The result of this was that Werner Vogels CTO of Amazon in 2008 coined the term ‘Eventual Consistency’, i.e that Availability and Partition tolerance were the running attributes that were most important and that system inconsistencies could be resolved in time i.e that continuous consistency is not usually required. As continuous consistency is the raison d’etre of the database, this has meant that the classic role of the RDBMS has changed or at least has undergone a rethink in the context of extremely scalable distributed processing. The fact many of the Internet scale businesses (Google, Amazon, Facebook etc) have been instrumental in developing ‘open source’ NoSQL products for their own line of business applications has added to the impetus behind this movement.

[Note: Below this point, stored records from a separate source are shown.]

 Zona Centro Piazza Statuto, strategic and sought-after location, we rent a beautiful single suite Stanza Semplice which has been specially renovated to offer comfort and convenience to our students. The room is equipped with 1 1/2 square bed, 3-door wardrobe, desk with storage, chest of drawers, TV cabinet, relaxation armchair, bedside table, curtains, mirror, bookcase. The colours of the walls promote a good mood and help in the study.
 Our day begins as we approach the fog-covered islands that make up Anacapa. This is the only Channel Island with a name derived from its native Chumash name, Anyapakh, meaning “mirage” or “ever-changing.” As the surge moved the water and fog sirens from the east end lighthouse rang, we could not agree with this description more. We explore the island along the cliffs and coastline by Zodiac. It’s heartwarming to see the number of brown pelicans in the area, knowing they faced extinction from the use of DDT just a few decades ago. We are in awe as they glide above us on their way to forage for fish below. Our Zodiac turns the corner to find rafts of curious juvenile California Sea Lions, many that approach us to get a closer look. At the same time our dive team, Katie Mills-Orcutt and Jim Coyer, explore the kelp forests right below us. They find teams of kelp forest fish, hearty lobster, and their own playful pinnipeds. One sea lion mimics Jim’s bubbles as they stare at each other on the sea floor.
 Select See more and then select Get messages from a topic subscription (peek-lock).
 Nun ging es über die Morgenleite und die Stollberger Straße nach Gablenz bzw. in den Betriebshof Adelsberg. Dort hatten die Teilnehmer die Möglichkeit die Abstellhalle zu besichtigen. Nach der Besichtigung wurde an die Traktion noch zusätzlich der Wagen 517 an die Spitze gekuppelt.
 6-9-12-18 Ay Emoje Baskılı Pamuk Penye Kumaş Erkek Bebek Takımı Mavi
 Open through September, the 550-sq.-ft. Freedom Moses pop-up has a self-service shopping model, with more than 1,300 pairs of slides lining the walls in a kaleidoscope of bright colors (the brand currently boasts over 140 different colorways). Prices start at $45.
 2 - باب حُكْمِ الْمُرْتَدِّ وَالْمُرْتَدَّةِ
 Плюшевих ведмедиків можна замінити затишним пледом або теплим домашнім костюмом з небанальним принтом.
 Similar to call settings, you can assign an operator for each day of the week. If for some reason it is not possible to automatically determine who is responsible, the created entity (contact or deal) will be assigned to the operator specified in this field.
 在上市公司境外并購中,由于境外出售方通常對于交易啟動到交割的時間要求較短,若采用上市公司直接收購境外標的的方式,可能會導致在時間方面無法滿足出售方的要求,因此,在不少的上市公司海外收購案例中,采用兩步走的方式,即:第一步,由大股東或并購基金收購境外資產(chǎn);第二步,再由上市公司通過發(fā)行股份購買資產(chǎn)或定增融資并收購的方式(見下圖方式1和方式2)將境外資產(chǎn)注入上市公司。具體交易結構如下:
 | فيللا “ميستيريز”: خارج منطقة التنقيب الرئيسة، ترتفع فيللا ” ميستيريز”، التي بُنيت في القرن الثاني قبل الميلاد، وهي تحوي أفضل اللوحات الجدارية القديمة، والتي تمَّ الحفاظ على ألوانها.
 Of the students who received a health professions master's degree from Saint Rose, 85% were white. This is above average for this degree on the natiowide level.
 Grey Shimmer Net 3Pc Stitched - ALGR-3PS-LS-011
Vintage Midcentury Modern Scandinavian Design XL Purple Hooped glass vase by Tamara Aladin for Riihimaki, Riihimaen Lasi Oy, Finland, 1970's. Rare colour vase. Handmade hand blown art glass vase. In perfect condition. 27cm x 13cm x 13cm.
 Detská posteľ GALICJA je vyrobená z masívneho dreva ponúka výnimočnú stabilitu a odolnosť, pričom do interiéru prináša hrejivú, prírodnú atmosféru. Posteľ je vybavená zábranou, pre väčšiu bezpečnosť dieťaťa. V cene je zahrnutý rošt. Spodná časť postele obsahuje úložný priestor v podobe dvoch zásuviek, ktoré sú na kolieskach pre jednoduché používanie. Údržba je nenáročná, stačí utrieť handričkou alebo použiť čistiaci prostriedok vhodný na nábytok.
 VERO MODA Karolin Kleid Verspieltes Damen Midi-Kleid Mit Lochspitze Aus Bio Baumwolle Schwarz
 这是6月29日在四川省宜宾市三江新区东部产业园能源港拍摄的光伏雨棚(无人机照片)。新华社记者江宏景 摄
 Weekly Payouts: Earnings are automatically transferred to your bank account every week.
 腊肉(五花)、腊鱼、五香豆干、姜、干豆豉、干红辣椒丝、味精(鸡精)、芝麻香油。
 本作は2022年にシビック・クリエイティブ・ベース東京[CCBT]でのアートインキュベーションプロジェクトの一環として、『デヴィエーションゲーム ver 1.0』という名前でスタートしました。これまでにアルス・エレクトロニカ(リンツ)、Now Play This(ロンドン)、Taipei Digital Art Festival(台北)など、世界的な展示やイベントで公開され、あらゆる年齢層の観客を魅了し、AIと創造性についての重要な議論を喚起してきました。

The very nature and price point of cloud computing and storage for our enterprises, has meant that we are able to store, process, and analyze much more of our own business data, more often than not we are able to make use of the ‘NoSQL’ tools that have been developed by these leading internet business.

Products like Hadoop/Hive originally developed by Google for doing massive data mining using the Map/Reduce pattern have evolved into Cloud based services like ‘Elastic Map Reduce’ from Amazon, and has been taken on as a top-level project by the Apache foundation, and thus available to use at the public or private cloud level by any company with the requirement to process petabytes of data.

The NoSQL movement has also had increasing adoption and impetus from those application domains where the problems to be solved do not necessarily fit snugly into the classic ‘Relational’ model. A wide range of NoSQL products has sprung up which use different logical models to represent ‘semi-structured’ data these include Map/Key-Value oriented (Voldemort, Dynomite), Column Familiy oriented (BigTable, HBase, Hypertable), Document oriented (Couch DB, MongoDB ), and Graph oriented (Neo4j, Infogrid)

At the same time traditional schema based database structures are more often considered too inflexible to accommodate changing business models. Our own experience of working with O2 on a telecoms product catalogue has lead us to consider a NoSQL solution as the natural path in the ecommerce platform evolution. The O2 business model and the types of products that it sells now include not only handsets, tariffs, and accessories but broadband, games, ringtones, consoles, financial services, content, and could progress onto many other as yet not envisioned physical and logical product offerings. We have been looking at NoSQL ‘Graph’ databases as a way of modeling products, their attributes, relationships, and eligibilities to customer segments in an attempt to develop a product catalogue that can continue to offer flexibility as the business evolves.

The case outlined is not uncommon, whereby data, and the approach to dealing with it necessitates a cloud technology landscape, one that is a departure from the intrinsic constraints of fixed datacenters and the RDBMS. Another good example of this is Razorfish’s own EDGE platform. Historically this application and its data would have made exclusive use of Enterprise level database infrastructure, hosted in a proprietary datacenter in a DR configuration. The volume of data however has been growing exponentially, as has the compute power required, necessitating an entirely new approach. This approach has been to use Amazon EMR consisting of the Apache Hadoop/Hive/HBase product sets, to both host and process the increasing data volumes. This approach makes the most use of the utility of Amazon’s cloud as well as the frameworks that others have positioned on that cloud i.e NoSQL databases.

It can be seen that patterns for managing data in modern web centric enterprises, through the use of the new application class of NoSQL on the cloud, are a better choice for anticipating change and trends (compared to RDBMS solutions) given their support for unstructured data, horizontal scalability through partitioning, and high availability support.